• **How to complete this task**:
Look in the data below for the line that has "Un look fresco", then print exactly every line from there through the line that has "高級感のあるベロア生地に美し", leaving pictures out.

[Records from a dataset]

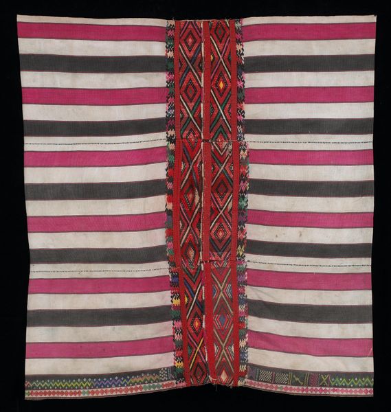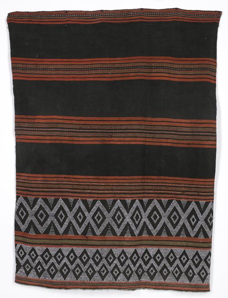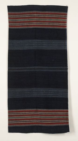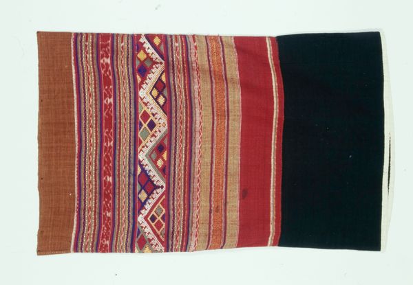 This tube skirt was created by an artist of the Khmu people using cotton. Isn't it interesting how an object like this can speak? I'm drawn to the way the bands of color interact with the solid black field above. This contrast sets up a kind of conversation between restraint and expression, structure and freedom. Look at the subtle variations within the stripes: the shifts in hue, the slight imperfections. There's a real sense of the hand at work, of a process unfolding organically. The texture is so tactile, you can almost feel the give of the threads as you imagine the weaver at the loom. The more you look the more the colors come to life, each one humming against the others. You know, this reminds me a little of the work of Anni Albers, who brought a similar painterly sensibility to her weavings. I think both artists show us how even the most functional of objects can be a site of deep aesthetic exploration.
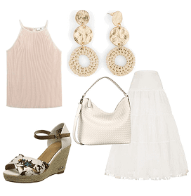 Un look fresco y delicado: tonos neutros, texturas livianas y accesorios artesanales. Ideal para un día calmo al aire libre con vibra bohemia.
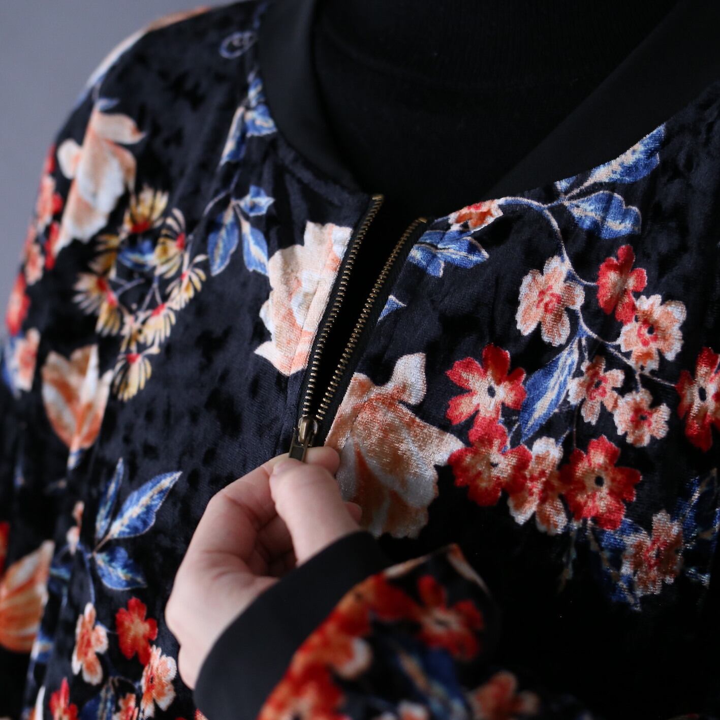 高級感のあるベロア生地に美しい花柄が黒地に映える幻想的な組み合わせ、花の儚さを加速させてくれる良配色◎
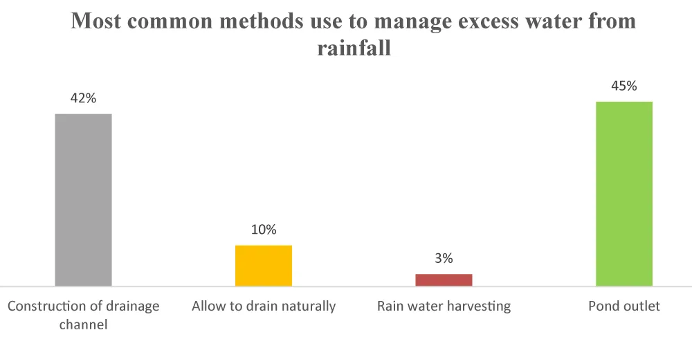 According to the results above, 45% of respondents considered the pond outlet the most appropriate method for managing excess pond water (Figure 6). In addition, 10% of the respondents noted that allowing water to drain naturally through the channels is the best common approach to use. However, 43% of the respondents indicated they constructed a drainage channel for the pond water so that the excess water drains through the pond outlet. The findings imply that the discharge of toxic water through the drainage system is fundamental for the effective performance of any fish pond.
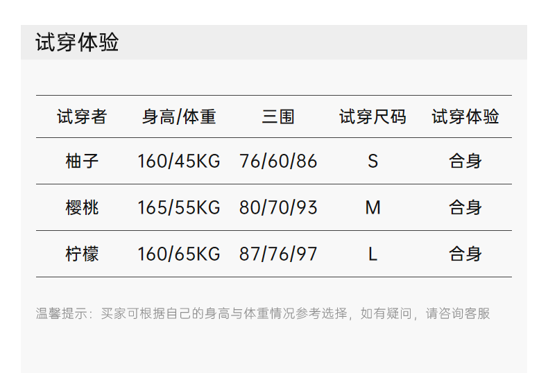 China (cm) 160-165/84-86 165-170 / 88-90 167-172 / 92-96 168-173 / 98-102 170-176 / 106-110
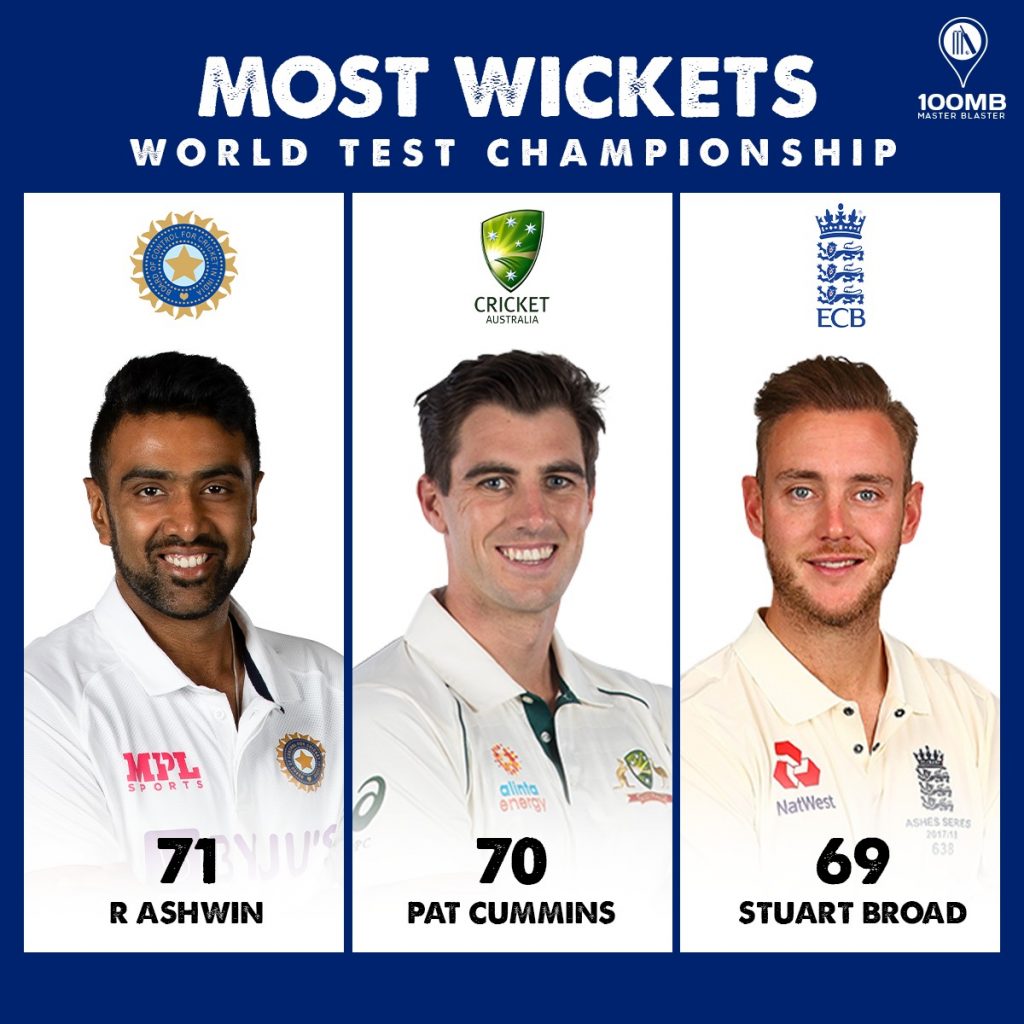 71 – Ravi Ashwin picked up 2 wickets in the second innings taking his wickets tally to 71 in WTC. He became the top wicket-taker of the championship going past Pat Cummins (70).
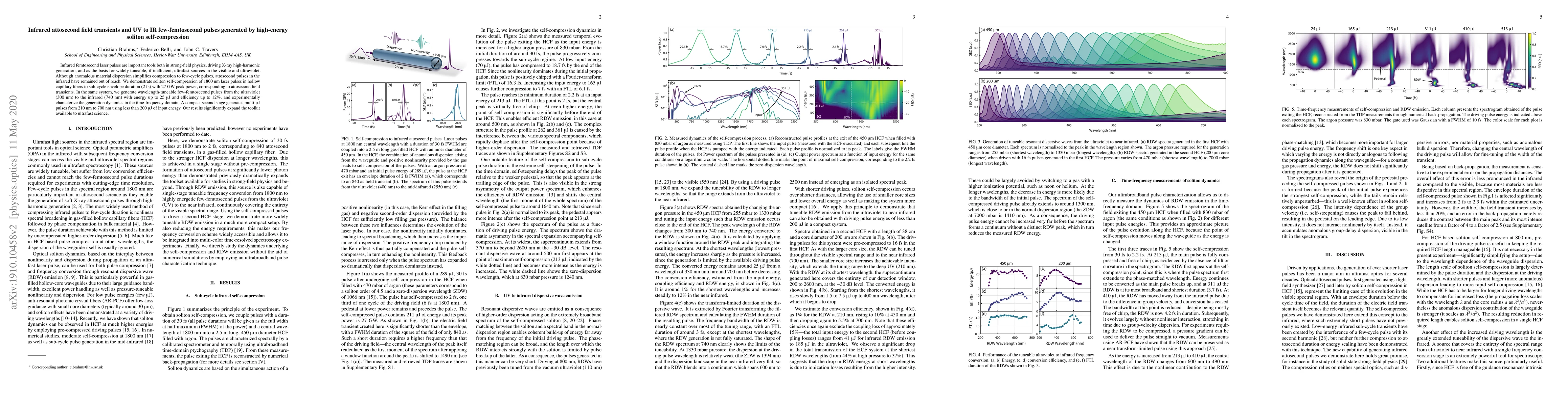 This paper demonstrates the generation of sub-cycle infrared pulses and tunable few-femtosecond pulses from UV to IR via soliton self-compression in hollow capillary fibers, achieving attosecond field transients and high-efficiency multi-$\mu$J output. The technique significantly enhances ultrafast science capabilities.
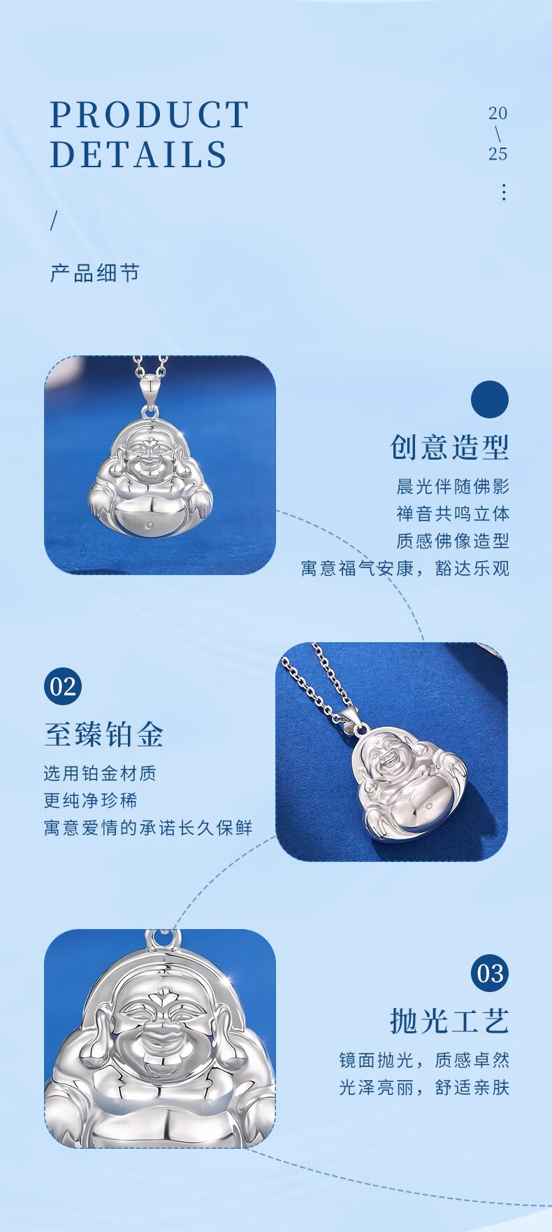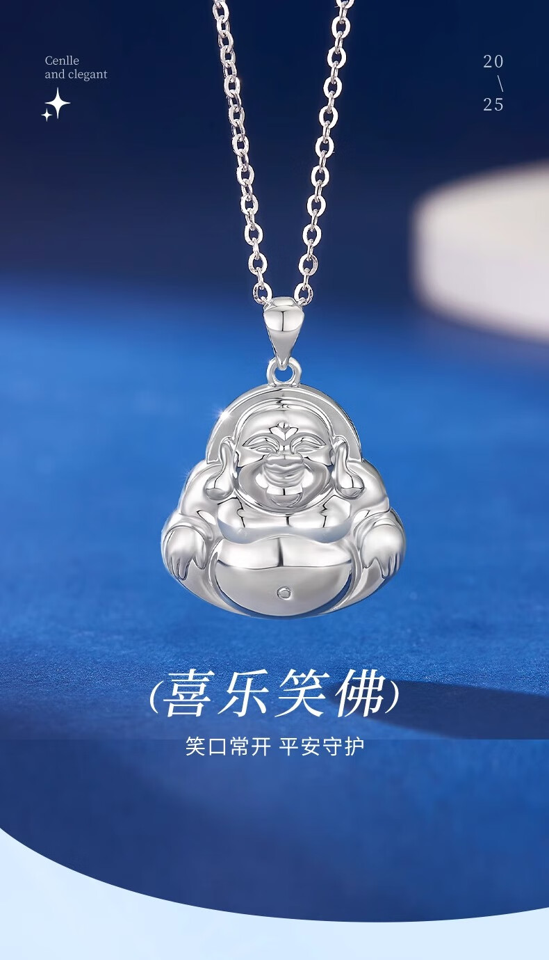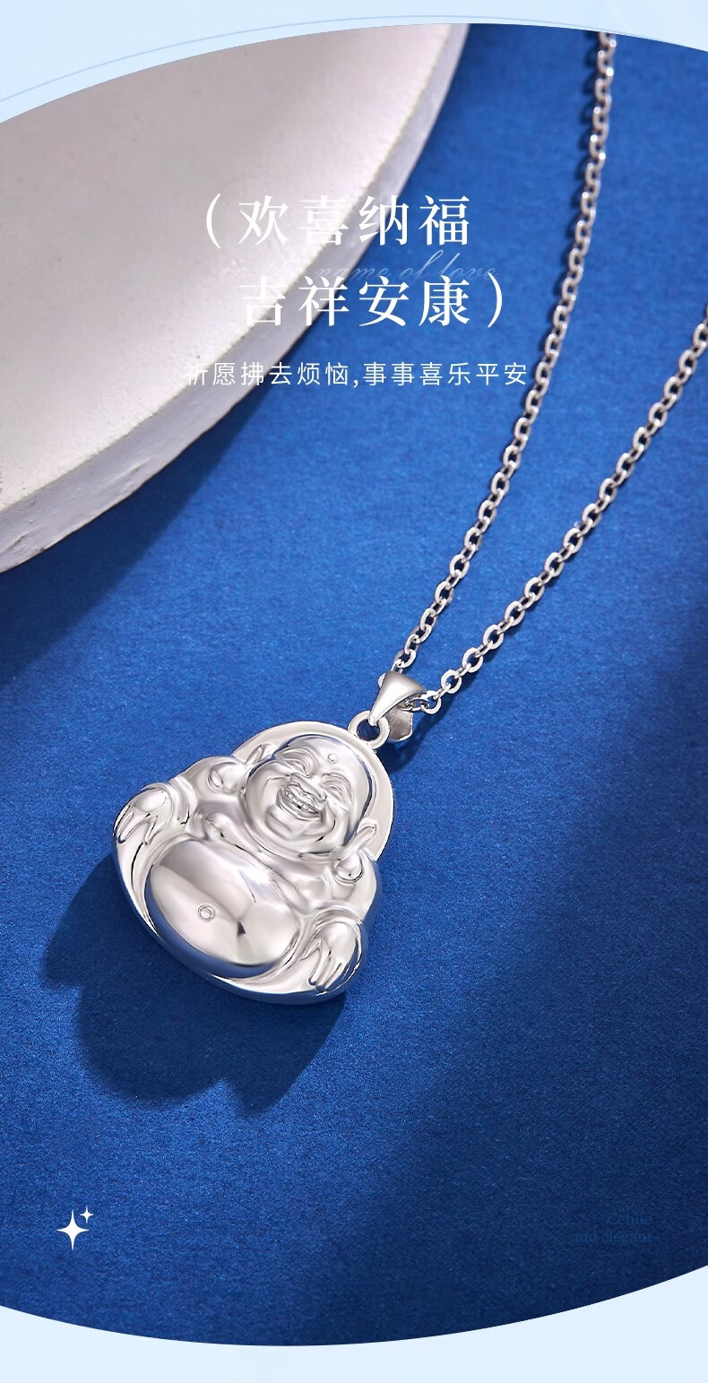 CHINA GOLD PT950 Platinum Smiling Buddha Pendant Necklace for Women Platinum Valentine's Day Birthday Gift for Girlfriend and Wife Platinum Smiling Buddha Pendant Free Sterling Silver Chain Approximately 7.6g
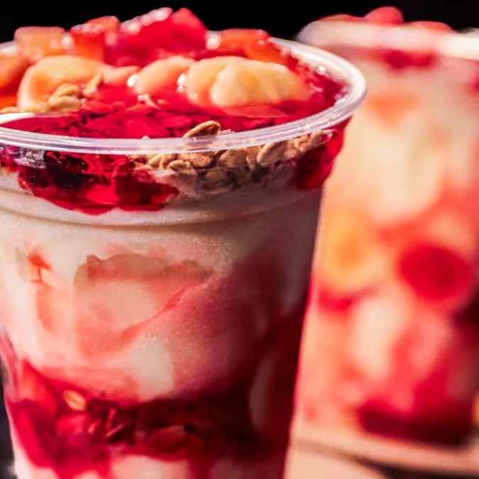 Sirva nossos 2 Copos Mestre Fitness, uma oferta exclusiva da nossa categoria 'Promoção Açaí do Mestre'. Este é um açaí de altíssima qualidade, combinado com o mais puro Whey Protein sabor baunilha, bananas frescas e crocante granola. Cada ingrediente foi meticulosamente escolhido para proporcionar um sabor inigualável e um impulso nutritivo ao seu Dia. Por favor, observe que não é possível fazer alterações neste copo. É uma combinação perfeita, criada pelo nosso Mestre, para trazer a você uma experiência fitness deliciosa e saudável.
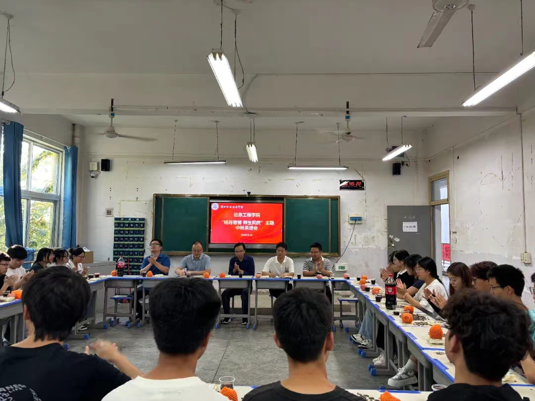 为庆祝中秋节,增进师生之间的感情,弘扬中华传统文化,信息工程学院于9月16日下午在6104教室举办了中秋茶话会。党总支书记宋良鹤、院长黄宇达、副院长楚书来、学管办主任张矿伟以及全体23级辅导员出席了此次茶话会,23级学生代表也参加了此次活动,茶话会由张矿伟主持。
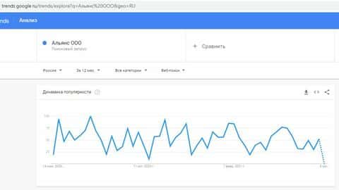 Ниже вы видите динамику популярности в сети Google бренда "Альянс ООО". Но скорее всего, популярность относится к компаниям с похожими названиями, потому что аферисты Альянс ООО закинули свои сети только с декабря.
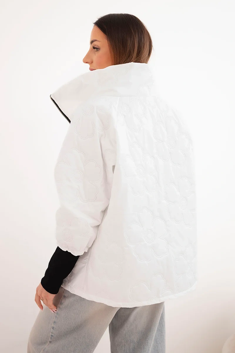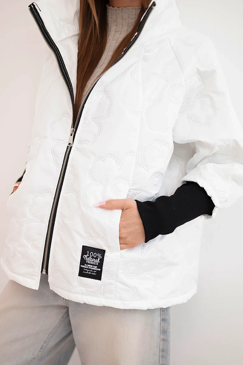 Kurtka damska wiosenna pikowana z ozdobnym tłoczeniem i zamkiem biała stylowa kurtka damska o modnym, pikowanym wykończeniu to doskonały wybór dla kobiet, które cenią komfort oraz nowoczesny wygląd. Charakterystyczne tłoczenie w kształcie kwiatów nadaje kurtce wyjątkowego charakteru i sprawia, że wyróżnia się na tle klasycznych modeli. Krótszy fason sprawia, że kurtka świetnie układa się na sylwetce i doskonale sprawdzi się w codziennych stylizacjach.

• **Written response**:
 Un look fresco y delicado: tonos neutros, texturas livianas y accesorios artesanales. Ideal para un día calmo al aire libre con vibra bohemia.
 高級感のあるベロア生地に美しい花柄が黒地に映える幻想的な組み合わせ、花の儚さを加速させてくれる良配色◎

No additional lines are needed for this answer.